Identification of water-cooled wall ash accumulation based on AWGAM-YOLOv8n.

作者信息

Hao Yongxing, Wang Bin, Hao Yilong, Cao Angang

机构信息

School of Mechanical Engineering, Zhengzhou University of Science and Technology, Zhengzhou, 450064, China.

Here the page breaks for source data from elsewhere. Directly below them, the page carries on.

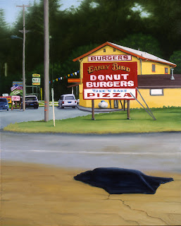 In those thick, dark forests that humans have tried so adamantly to destroy, a living mystery still walks: the real spirit of the living Northwest. Bigfoot appears again as hippie hackeysackers, mocking the feel-good contemporary culture of the potheads. Wiedel's characters are more hardcore. His environments themselves play a character role, embodying in their tacky and rotting bad taste an externalization of the human spirit that has created such a place. A painting done of the Bigfoot Burger joint in Willow Creek, seen from the parking lot of Bigfoot Books, shows a malignant black blob that could be a tarp covering a corpse, or a projection of the terror that lurks at the heart and history of ordinary places.
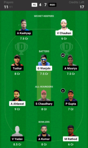 A.Kashyap (wk), Tushar, A.Maurya, V.Kumar, N.Sharma, S.Chaudhary, S.Khan, P.Gupta, V.Yadav, A.Kumar, N.Kumar
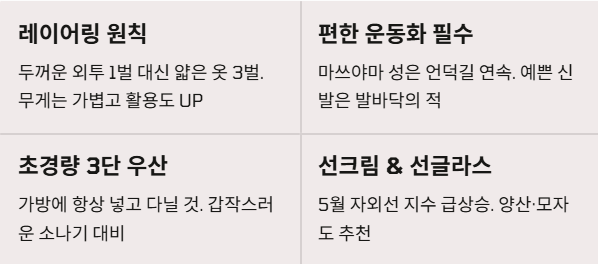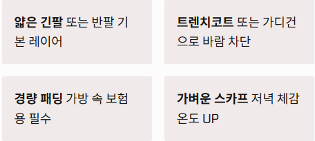 - 필수 아이템: 가벼운 스카프, 휴대용 손난로(추위 타는 분들)
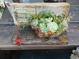 多肉寄せ植え💚グリーンな子たち 以前イベントで購入した作家さんの作品に寄せ植えしました😊今回はこの鉢?作品のイメージに合わせてグリーン💚で🤭寄せ植え前の画像がないですが😅💦この作品木材に釘が打ってあるだけなので、そこに自分で麻を入れ寄せ植え。まあ!安定感ない所への寄せ植えはポロポロ落ちる😱頑張りはここまでが限界😆
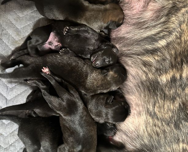 Our puppies are black brindle. Colors will vary depending on the parent dogs.
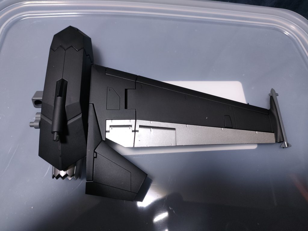 左右ウイングはパイロンが稼働する為、基本の色を黒と銀にしつつパイロン展開時に露出する部分に差し色として赤を入れてみました。
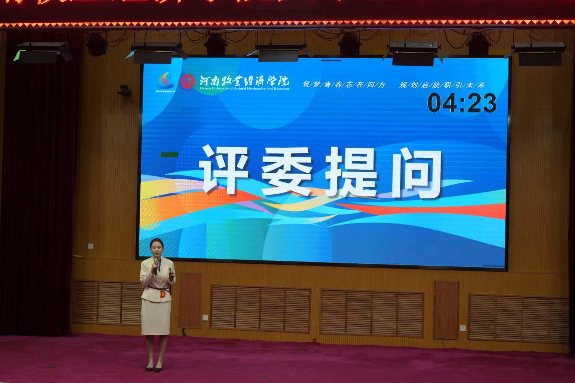 在决赛环节中,孙天琪紧扣商务英语专业的发展脉络,深入分析行业发展趋势,将个人兴趣、职业目标与国家社会需求紧密结合。孙天琪对职业规划的深刻理解、清晰的逻辑表达,充分展现出扎实的专业素养与较强的综合素质。
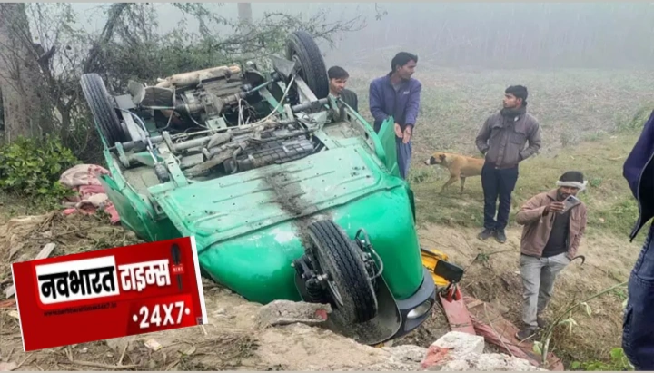 लखीमपुर खीरी: घने कोहरे के कारण हुए एक भीषण सड़क हादसे में ई-रिक्शा पलट गया, जिससे चालक सहित तीन मासूम बच्चों की मौके पर ही मौत
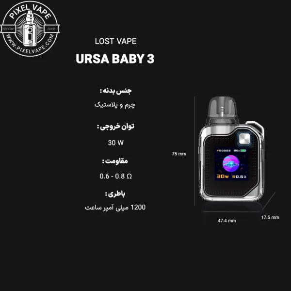 پادسیستم اورسا بیبی 3 (Lost Vape Ursa Baby 3) یکی از جدیدترین محصولات کمپانی معتبر لاست ویپ است که با طراحی مدرن، امکانات پیشرفته و عملکرد فوقالعاده، توانسته جایگاه ویژهای در میان کاربران پیدا کند. این دستگاه بهعنوان سومین نسل از سری اورسا بیبی، بهبودهای قابلتوجهی نسبت به نسخههای قبلی دارد و تجربهای بهینهشده از ویپینگ را ارائه میدهد.
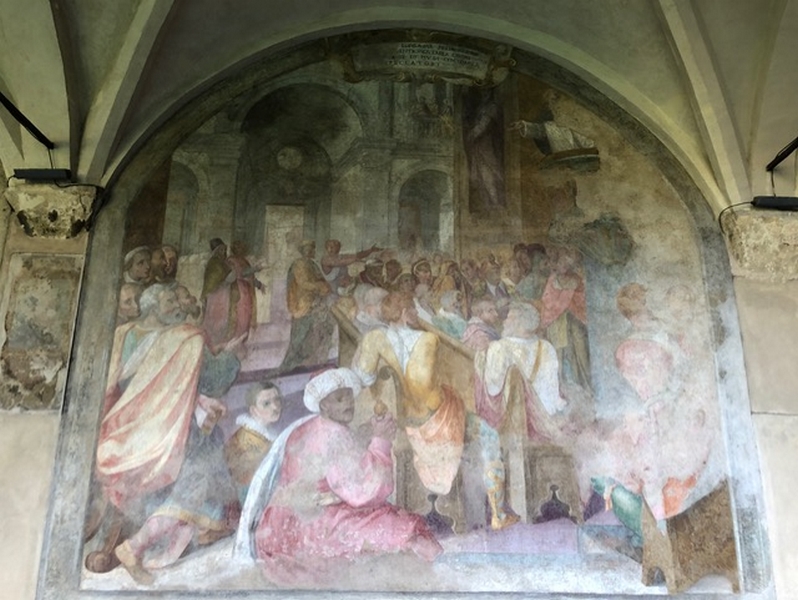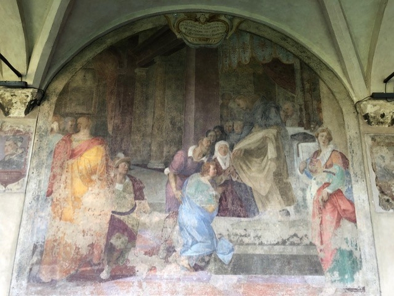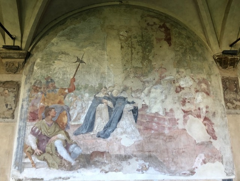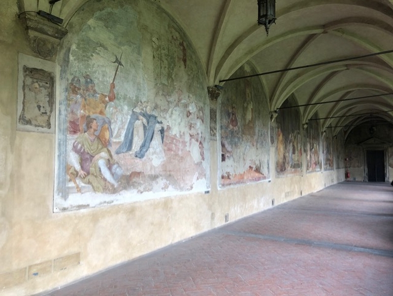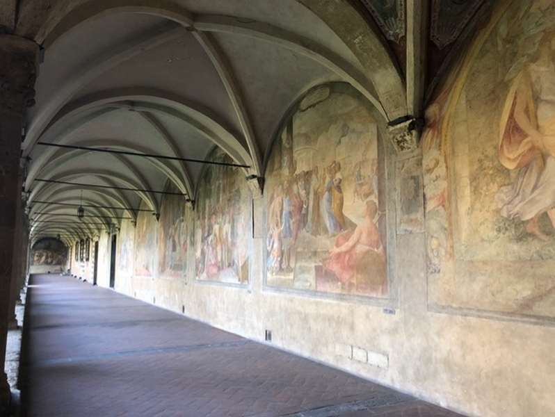 Nel secolo XVIII il Chiostro venne risistemato per quanto riguarda gli elementi lapidei e alcune lunette rimaste vuote vennero dipinte.

School of Mechanical Engineering, North China University of Water Resources and Electric Power, Zhengzhou, 450045, China.

出版信息

Sci Rep. 2024 Oct 14;14(1):23950. doi: 10.1038/s41598-024-75121-w.

Abstract

Identifying the ash accumulation generated on the water-cooled walls of the waste incinerator is essential for the cleanup by the robotic arm. This paper improves a new algorithm based on YOLOv8n, which can identify the ash accumulation position on the water-cooled wall quickly and accurately. Firstly, the multi-scale fusion image enhancement algorithm is used to improve the sharpness and contrast of the image and enrich the details of the image. Secondly, the backbone feature extraction network of YOLOv8n is replaced by Mobilenetv3 network, which reduces the parameters in the model greatly. Finally, this paper improves a new attention mechanism AWGAM (Add Weight Global Attention Mechanism) based on GAM (Global Attention Mechanism), which can better integrate the feature information between different dimensions and improve the learning ability of the model. AWGAM is added to the backbone of the model. The experimental results show that compared with the original YOLOv8n model, the improved YOLOv8n model has 59.9% fewer parameters, 4.4% higher precision, 8.8% higher recall, 3.2% higher mAP50 (mean Average Precision) and 8.8% higher mAP50-95. This model has made remarkable progress on the basis of the original algorithm, and has strong competitiveness compared with other advanced target detection models. The lightweight and high accuracy of ash accumulation detection offered by the proposed model presents promising applications in ash accumulation detection tasks of water-cooled walls.

摘要

识别垃圾焚烧炉水冷壁上产生的积灰对于通过机械臂进行清理至关重要。本文改进了一种基于YOLOv8n的新算法,该算法能够快速、准确地识别水冷壁上的积灰位置。首先,采用多尺度融合图像增强算法提高图像的清晰度和对比度,丰富图像细节。其次,将YOLOv8n的骨干特征提取网络替换为Mobilenetv3网络,大大减少了模型中的参数。最后,本文改进了一种基于全局注意力机制(GAM)的新注意力机制AWGAM(加权重全局注意力机制),它能够更好地整合不同维度之间的特征信息,提高模型的学习能力。将AWGAM添加到模型的骨干中。实验结果表明,与原始的YOLOv8n模型相比,改进后的YOLOv8n模型参数减少了59.9%,精度提高了4.4%,召回率提高了8.8%,mAP50(平均精度均值)提高了3.2%,mAP50-95提高了8.8%。该模型在原算法的基础上取得了显著进展,与其他先进的目标检测模型相比具有很强的竞争力。所提出模型提供的积灰检测的轻量化和高精度在水冷壁积灰检测任务中具有广阔的应用前景。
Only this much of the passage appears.